◆ WORK ITEM ◆
Write every record below out exactly; no images.
====== EXERCISE INPUTS ======
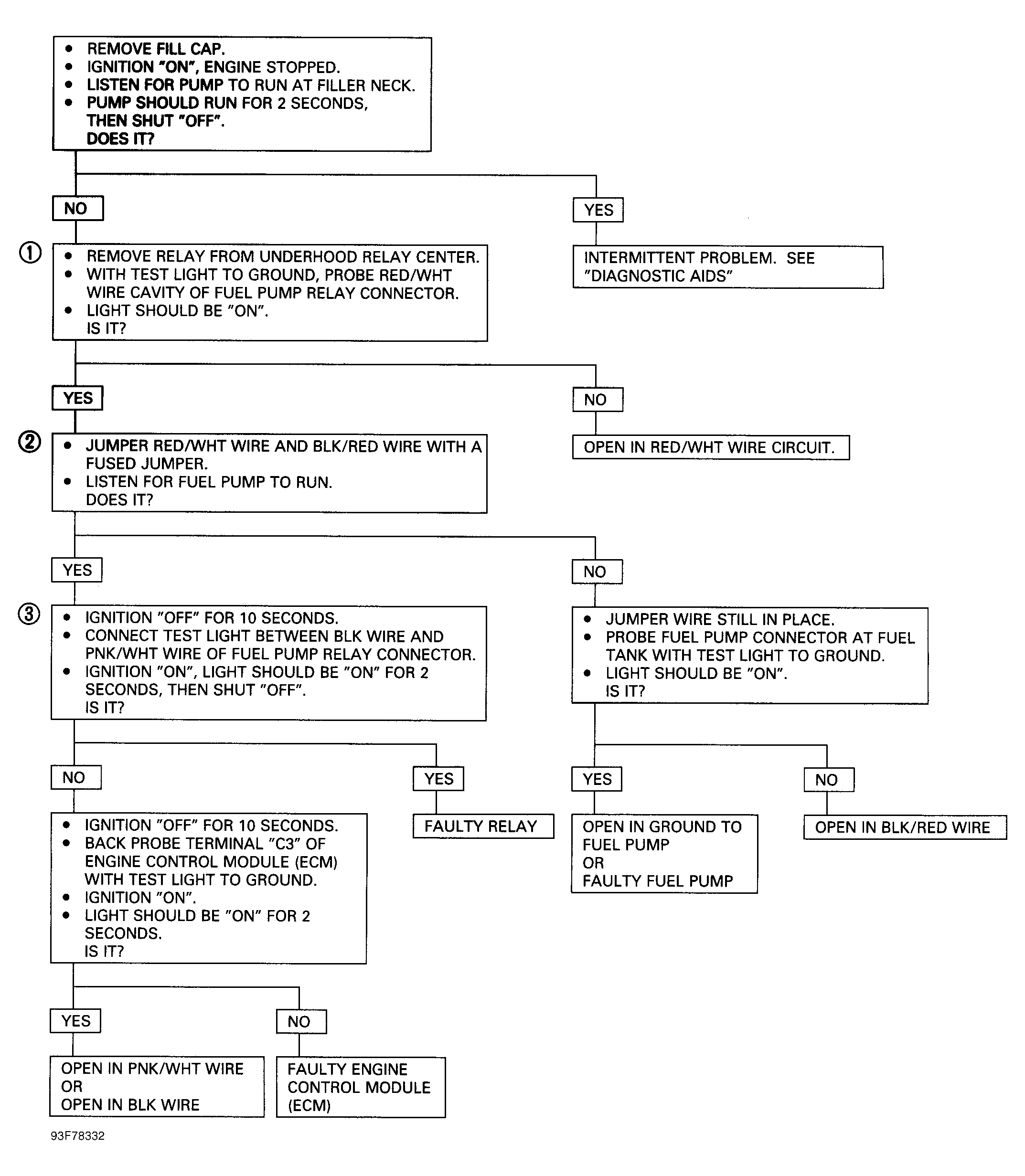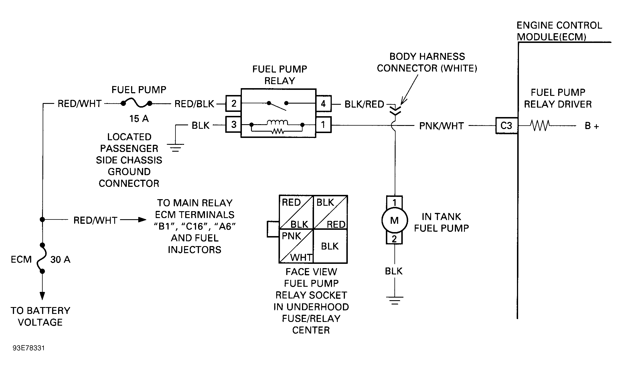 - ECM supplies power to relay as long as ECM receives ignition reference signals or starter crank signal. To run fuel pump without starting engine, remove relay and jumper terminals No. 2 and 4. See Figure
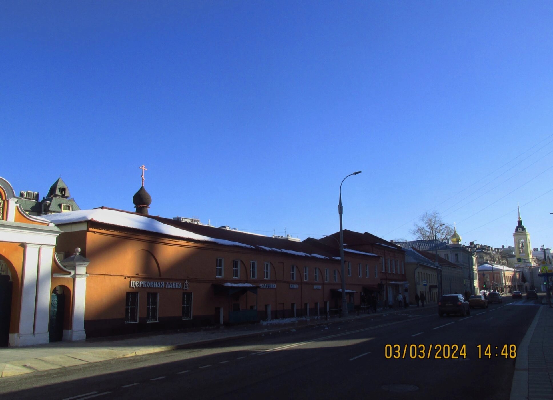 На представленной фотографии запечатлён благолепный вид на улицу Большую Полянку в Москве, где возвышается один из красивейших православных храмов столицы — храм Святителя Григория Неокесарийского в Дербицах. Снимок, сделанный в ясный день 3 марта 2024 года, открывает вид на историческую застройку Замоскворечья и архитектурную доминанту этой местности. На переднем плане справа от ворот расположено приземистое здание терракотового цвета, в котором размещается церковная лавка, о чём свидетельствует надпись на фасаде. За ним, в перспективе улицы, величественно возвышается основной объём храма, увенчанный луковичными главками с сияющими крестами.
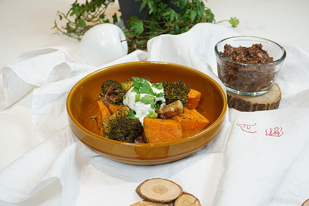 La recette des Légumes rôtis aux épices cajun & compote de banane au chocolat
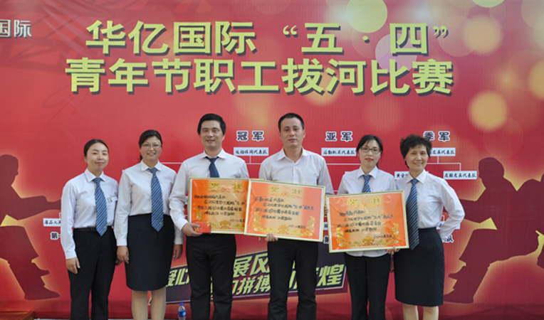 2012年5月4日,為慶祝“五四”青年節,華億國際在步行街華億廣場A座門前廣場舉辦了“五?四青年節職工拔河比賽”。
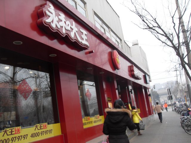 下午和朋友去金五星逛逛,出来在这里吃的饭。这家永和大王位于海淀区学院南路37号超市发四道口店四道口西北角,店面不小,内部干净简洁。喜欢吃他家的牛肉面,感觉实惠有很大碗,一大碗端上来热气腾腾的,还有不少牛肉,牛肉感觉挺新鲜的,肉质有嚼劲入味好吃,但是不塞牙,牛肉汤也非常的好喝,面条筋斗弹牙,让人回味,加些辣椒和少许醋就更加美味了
======
◆ TASK RESULT ◆
 - ECM supplies power to relay as long as ECM receives ignition reference signals or starter crank signal. To run fuel pump without starting engine, remove relay and jumper terminals No. 2 and 4. See Figure
 На представленной фотографии запечатлён благолепный вид на улицу Большую Полянку в Москве, где возвышается один из красивейших православных храмов столицы — храм Святителя Григория Неокесарийского в Дербицах. Снимок, сделанный в ясный день 3 марта 2024 года, открывает вид на историческую застройку Замоскворечья и архитектурную доминанту этой местности. На переднем плане справа от ворот расположено приземистое здание терракотового цвета, в котором размещается церковная лавка, о чём свидетельствует надпись на фасаде. За ним, в перспективе улицы, величественно возвышается основной объём храма, увенчанный луковичными главками с сияющими крестами.
 La recette des Légumes rôtis aux épices cajun & compote de banane au chocolat
 2012年5月4日,為慶祝“五四”青年節,華億國際在步行街華億廣場A座門前廣場舉辦了“五?四青年節職工拔河比賽”。
 下午和朋友去金五星逛逛,出来在这里吃的饭。这家永和大王位于海淀区学院南路37号超市发四道口店四道口西北角,店面不小,内部干净简洁。喜欢吃他家的牛肉面,感觉实惠有很大碗,一大碗端上来热气腾腾的,还有不少牛肉,牛肉感觉挺新鲜的,肉质有嚼劲入味好吃,但是不塞牙,牛肉汤也非常的好喝,面条筋斗弹牙,让人回味,加些辣椒和少许醋就更加美味了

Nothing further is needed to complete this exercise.